Friday 4 August 2006

New Clothes

I am sure some of you will be interested/enraged/in agreement with the aspects of a discussion going on on a blog in the US (see here). While the discussion has got sidetracked about whether or not you are allowed to wear jeans to church, the original commentator is asking the question about whether the idea of "relaxed fit" has actually gone beyond the relatively minor isssue (to me) of how dressed up you should get to go to church.
Have churches (or some of them) developed an understanding that God fits us, rather than we fit God. It is an intriguing question. This is I think a much deeper question than wearing jeans to church.
Personally I think God begins where we are and will challenge absolutely everything that we will put in God's place in our lives.
Certainly those of us who only want God to address those areas of our life that we find convenient will be confronted by that closedness to God's all-embracing vision for each one of us.
But equally well those of us who are "dressed appropriately" will be challenged about the narrowness of what we define as 'orthodoxy'.
It is easy to see this when we focus on clothes, because we seee the absurdity of what ever lines we draw.
There is little doubt, for example, that my clothes would be deemed acceptable. I tend not to wear jeans, and dress pretty conservatively. But the trousers that I am wearing now cost $29 from an outlet shop at Harbour Town . Anyone who has bought designer jeans will know that you can't by $29 designer jeans!!
So how do you decide what is acceptable dress. Clearly (in some commentators' minds at least) it is style...not quality (as evidenced by cost) that is the deciding factor. And who are the arbiters of style...and why?
It is not too hard to realise that many of the statements about "watering down"...I am not here talking about clothing but more important issues like what and how people are to believe....might also be more questions of style and opinion than genuine orthodoxy.
The dilemma? This is of course is also a pretty doctrinaire sort of stance.
Personally carlinville church seems more to my liking than slice of laodicea

8 comments:

Coryell said...

Well we wouldn't want to encourage the unchurched average American to come, just the Ned Flanders, dressed in khakis. After all church is a holy place, not for sinners.


(tongue in cheek)

Stephan Clark said...

Well that's right Coryell. My impression is that if anyone wearing jeans entered our congregation we would cheer because they would likely bring down the age profile.
Seriously, I have been humbled and gratified to see in actual cases in the last decade that congregations I have pastored have been welcoming to anyone. Piercings, tattoos, race, mental state.....most genuine Christians seem to understand what Jesus meant when he said "it's what's on the inside that counts"!

Anonymous said...

Church Discipline is a subject which fills me, a relative church newbie, with some trepidation. It's a topic around which some bad stories about the church have developed; for example, being asked to leave a congregation because someone wore jeans, or because a woman wore slacks instead of a skirt, or because someone was seen in a pub, or someone being publically admonished in church for some transgression (the saddest that I heard of was a pregnant teenager who was brought to the front of the church one Sunday morning and admonished for having brought shame upon her family and the congregation because of her immorality).

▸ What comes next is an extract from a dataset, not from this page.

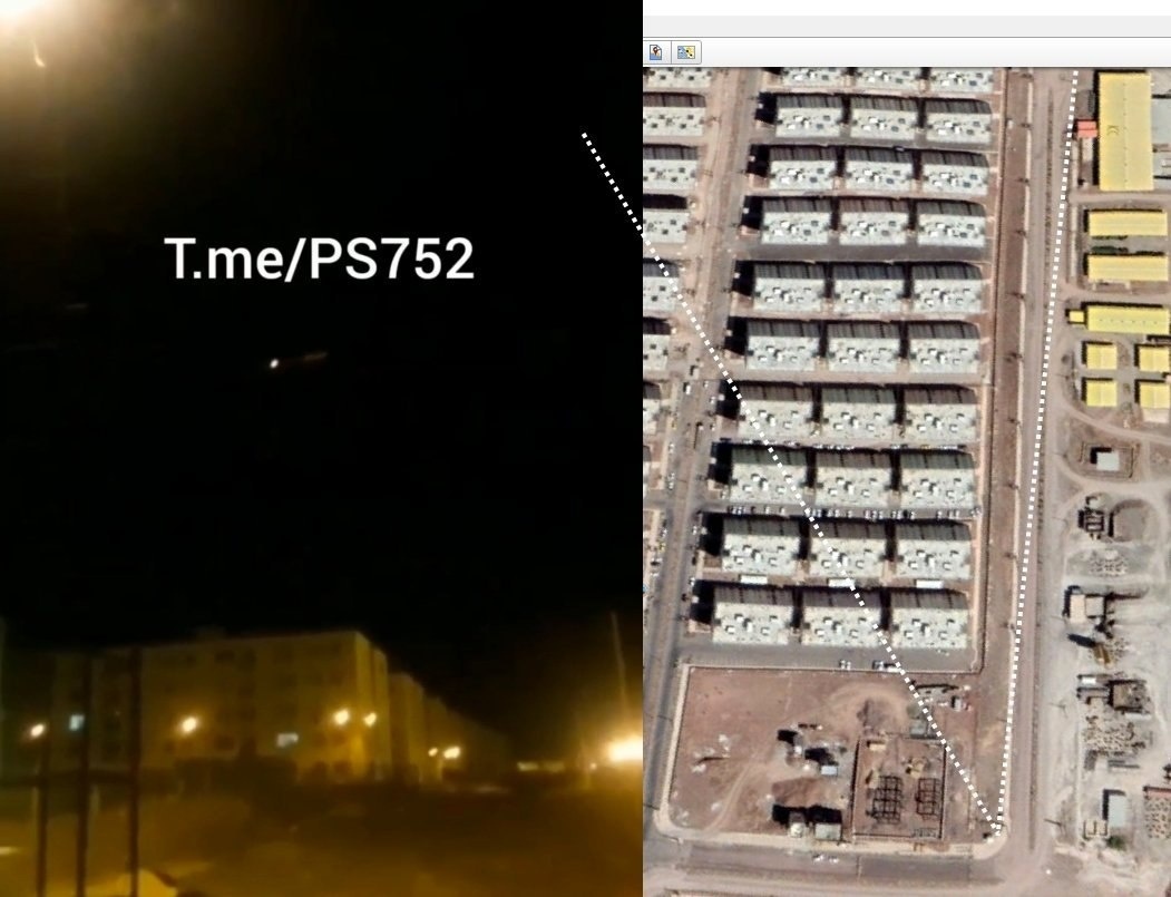 Geo-referenční fotografie údajně íránské rakety, která zasáhla ukrajinské letadlo.

About the 3rd or 4th time that I ever went to my local church (as a newbie in my 30s in the early 1990s), one elderly saint stopped me after worship to speak to me on a matter of some importance. He had noticed that I was attending church wearing jeans and without a tie. He thought I should know that it had been the custom at that church for men to wear suits or jackets, and of course a tie, and although he realised that times were changing, he thought that I should reconsider my mode of dress if I wanted to attend that church, because "we want to present a good image to the outside world, don't we".

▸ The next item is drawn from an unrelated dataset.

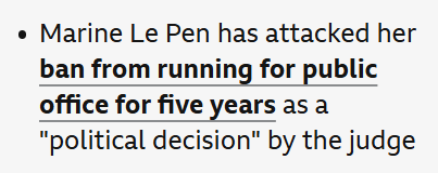 Perhaps they shouldn't ban people from politics just because they are right of centre and popular? Marine Le Pen attacks five-year ban from running for public office as 'political decision' - BBC News They created this situation and personally I am enjoying Macron slipping and sliding around in his own mess.
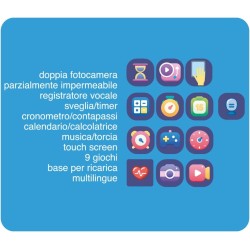 SMARTWATCH MULTIFUNZIONE smartwatch touchscreen dotato di ben 9 giochi e funzioni tra cui cronometro contapassi calendario calcolatrice registratore vocale

I came to church the next Sunday in jeans and without a tie, and caught sight of him with an disappointed expression on his face. Nothing more was said by him or anyone else at that congregation, but I always felt regret at being the cause if his disappointment, and wondered if I shouldn't have handled it better (or gone to another congregation).

Stephan Clark said...

It just seems ludicrous doesn't it.

Anonymous said...

I guess on the face of it, it does seem ludicrous.

Immediately after my "dress code" encounter with the elderly saint, I was both bewildered and confused. Was this what I was expected to do if I wanted to follow Jesus? At that stage, the whole Jesus-church business was very new to me.

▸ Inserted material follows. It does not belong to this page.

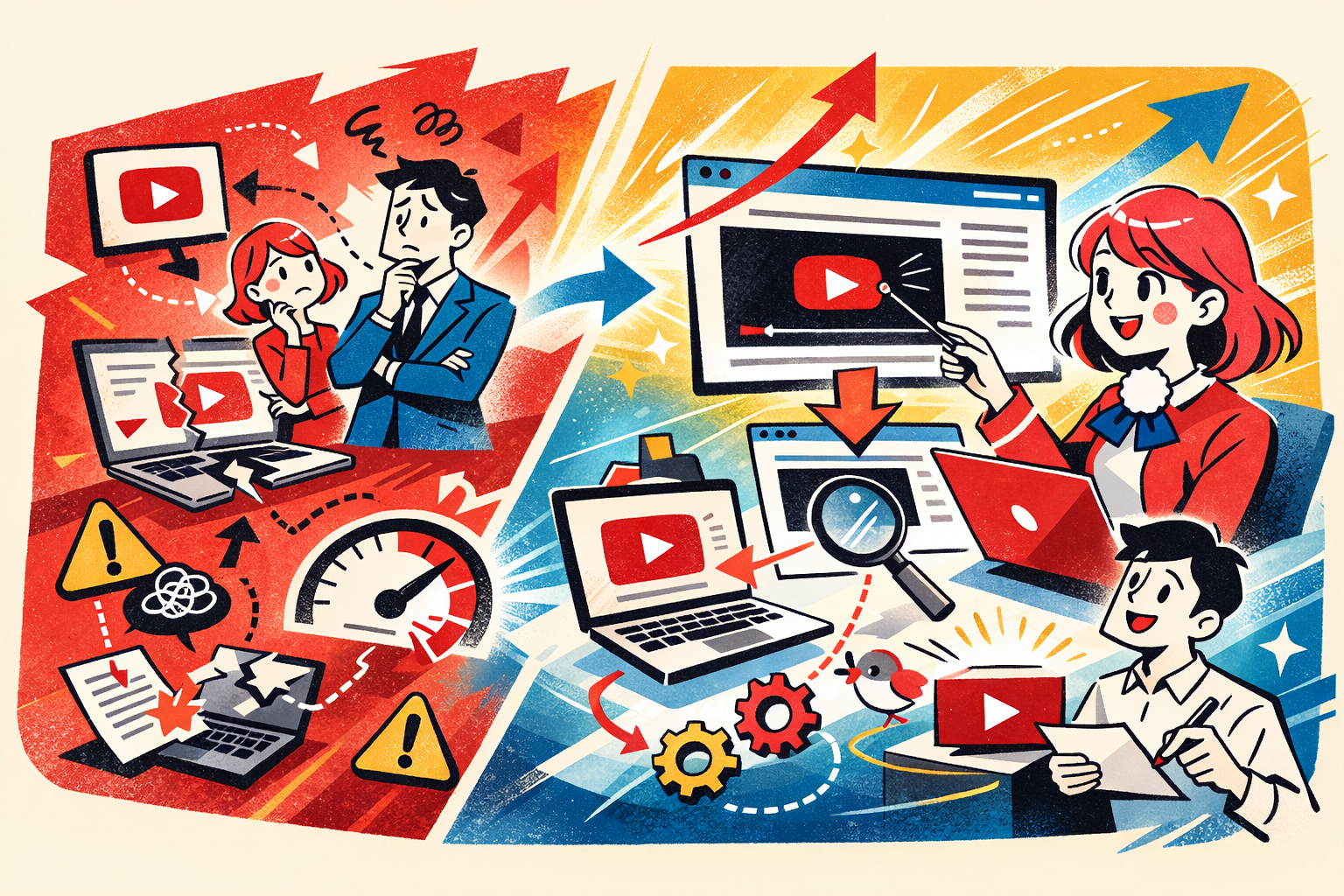 YouTubeは“視聴行動”で伸びやすく、サイトは“比較検討”で決まります。ここを混ぜると、両方中途半端になります。

Later I became angry. How could they worry about such little things when the great message from Jesus was supposed to be the main game?

Much later, I began to realise that the elderly saint was only doing what he believed his model of "church" required. His comments about a dress code were part of his church paradigm. For his generation, that was part of being church - you dressed in your best on Sunday morning because you were coming into the presence of your peers and of God, and how could you do anything less.

It was perhaps another symptom of those congregations of the elderly who now make up so much of the mainstream protestant churches in Australia. I guess that would be the subject of another stream of discussion.

Stephan Clark said...

yes, Trevor, it has a complexity about it that is not just brushed aside.
One of the things that intrigues me, though,is that the suit and tie thing also begs the question about what has happened in society.
It would never, for example, have been acceptable to go out to a restuarant in jeans even 20 years ago but now no one cares. (I think the Adelaide casino still enforces a no-jeans rule...but why?)
Religious groups have a habit of freezing their clothes at a particular point in time... the whole rationale for liturgical vestments .
But what about thsoe who still insist on women wearing hats, or wearing 19th century clothes ...the Islamic Birka or Chjab..and so on.
For me "and was incarnate of the Holy Spirit" measn God lives in today's world not only the world of the past.(which, I might suggest, no longer exists!!)

Anonymous said...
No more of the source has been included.